Given the following df:
data = {'Org': ['Tom', 'Kelly', 'Rick', 'Dave','Sara','Liz'],
'sum': [3, 4, 4, 4, 5, 5]}
df = pd.DataFrame(data)
# Org sum
# 0 Tom 3
# 1 Kelly 4
# 2 Rick 4
# 3 Dave 4
# 4 Sara 5
# 5 Liz 5
I want to shuffle only the duplicate values in that column and keep the sorted order.
Output should look like this:
data = {'Org': ['Tom', 'Rick', 'Dave', 'Kelly','Liz','Sara'],
'sum': [3, 4, 4, 4, 5, 5]}
df = pd.DataFrame(data)
# Org sum
# 0 Tom 3
# 1 Rick 4
# 2 Dave 4
# 3 Kelly 4
# 4 Liz 5
# 5 Sara 5
with df.sample(frac=1)
it will shuffle all rows, but that is not what I like to achieve.

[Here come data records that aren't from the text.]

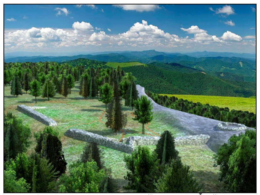
Fig. 5 Attempt to reconstruct Košice castle (L. Župčán)

The second important part of the inner castle was a round tower, located at the western end. This round tower ended the southern and also western castle perimeter wall of the
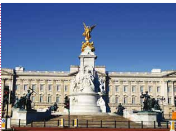
Buckingham Palace, London
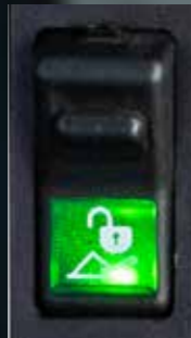
Safety Switch (loader)

Disables the control lever of loader, backhoe (excavator), and stabilizer levers by flipping the safety switch on the side console
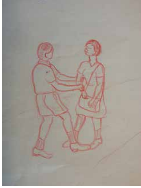
Figure 2. A boy assaulting a girl

Figure 2 conveys similar messages as Figure 1 with respect to boys' fear of girls' academic success. However, as discussed by the participants, the reference to speaking English is an important aspect of the reflective description. Fluency in English is representative of power,
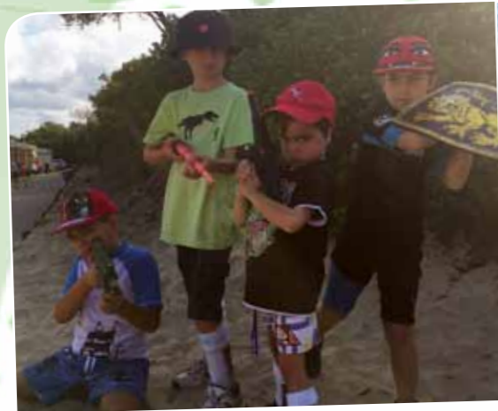
Don't mess with these guys!
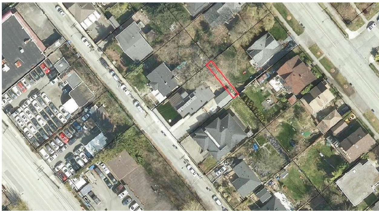
Figure 1: Aerial View of Subject City Property
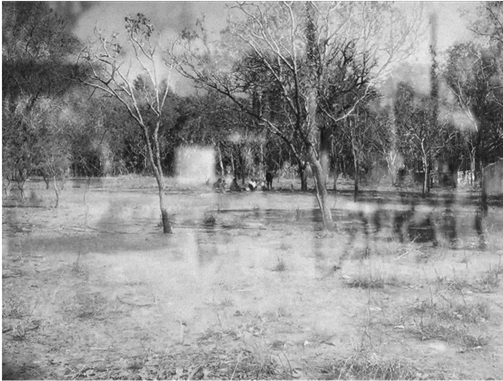
Film stills from Wutharr: Saltwater Dreams by the Karrabing Film Collective, 2016.
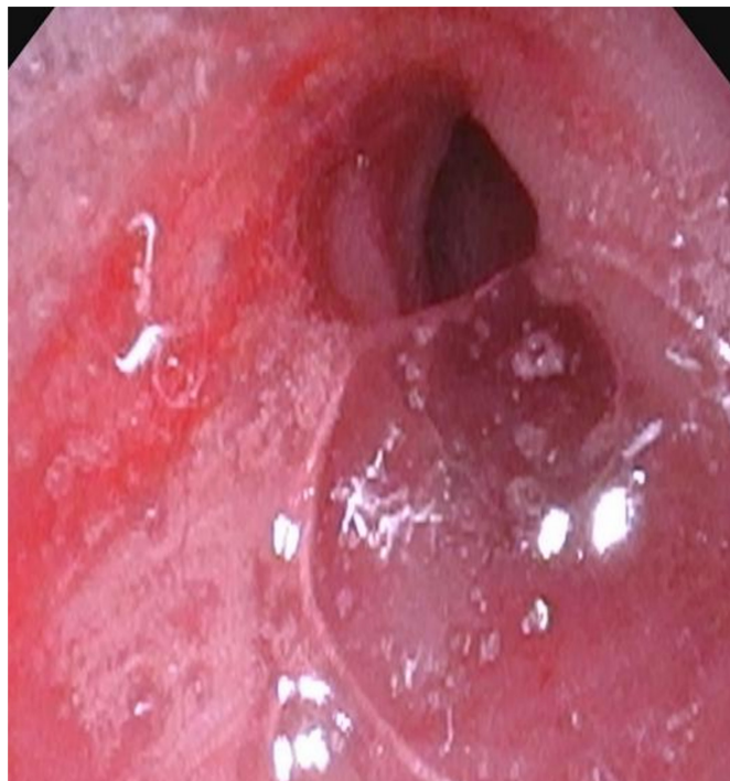
Figure 2 Bronchoscope performed on discharge.

was weaned from VV-ECMO on day 3 following evidence of improvement on chest X-rays. On day 10, the tracheal tube was moved proximally from the stenosis, but tidal volume could not be maintained because the distal end of the tube contacted the stenosis. The tube was reinserted and mechanical ventilation was continued. Tracheostomy was performed on day 28, removal of the tracheal tube was performed on day 41, and the patient resumed oral feeding (figure 2). He was discharged on day 45.
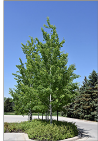
Prairie Gold Trembling Aspen
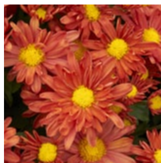
Dendranthema 'Pumpkin Igloo' USPPAF
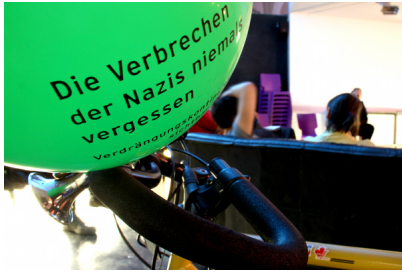
„Repolitisation! Talks about History Politik in Post-Nazism/ Gespräche zur Geschichtspolitik im Postnazismus“ trafo-k May 11th 2011 Photo Werner Prokop 2011
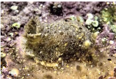
Jorunna pantherina (D&S)# (1 sighting)

If your groups are contiguous, and you want to keep the relative order, use groupby.sample
:
out = df.groupby('sum', sort=False).sample(frac=1)
Example output:
Org sum
0 Tom 3
3 Dave 4
1 Kelly 4
2 Rick 4
5 Liz 5
4 Sara 5
If you wand the output sorted by sum, then:
out = df.groupby('sum', sort=False).sample(frac=1)
# or
out = df.sample(frac=1).sort_values(by='sum', kind='stable')

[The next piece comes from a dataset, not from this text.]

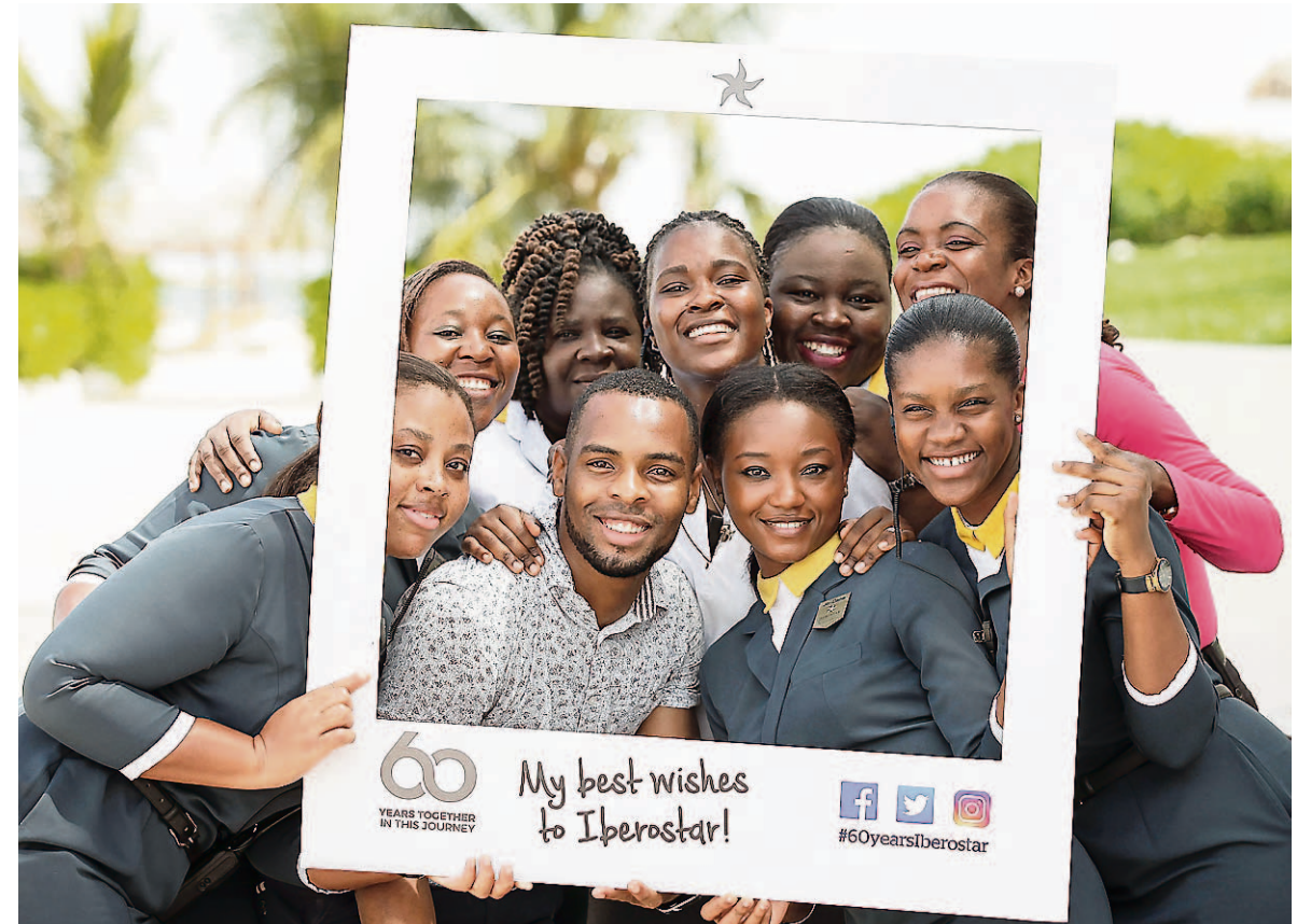
The Iberostar Grand team poses for the camera during the hotel group's 60th anniversary celebration on Saturday night.

"We would like to thank all of you that have accompanied us on this thrilling journey. Iberostar has been making dreams come true for 60 years now, being able to transform vacations into unforgettable moments," the group said.

which will ensure that the groups are sorted, even if they are not sorted in the input.
Conversely, if you want to leave the original order of the groups fully intact but want to still shuffle within a group, like in this example:
Org sum
0 Tom 3
1 Kelly 4
2 Rick 4
3 Sara 5
4 Liz 5
5 Dave 4 # this is part of group "4" but we want the row to stay there
Then use groupby.transform
to shuffle the indices in place, then reindex:
out = df.loc[df.groupby('sum', sort=False)['sum']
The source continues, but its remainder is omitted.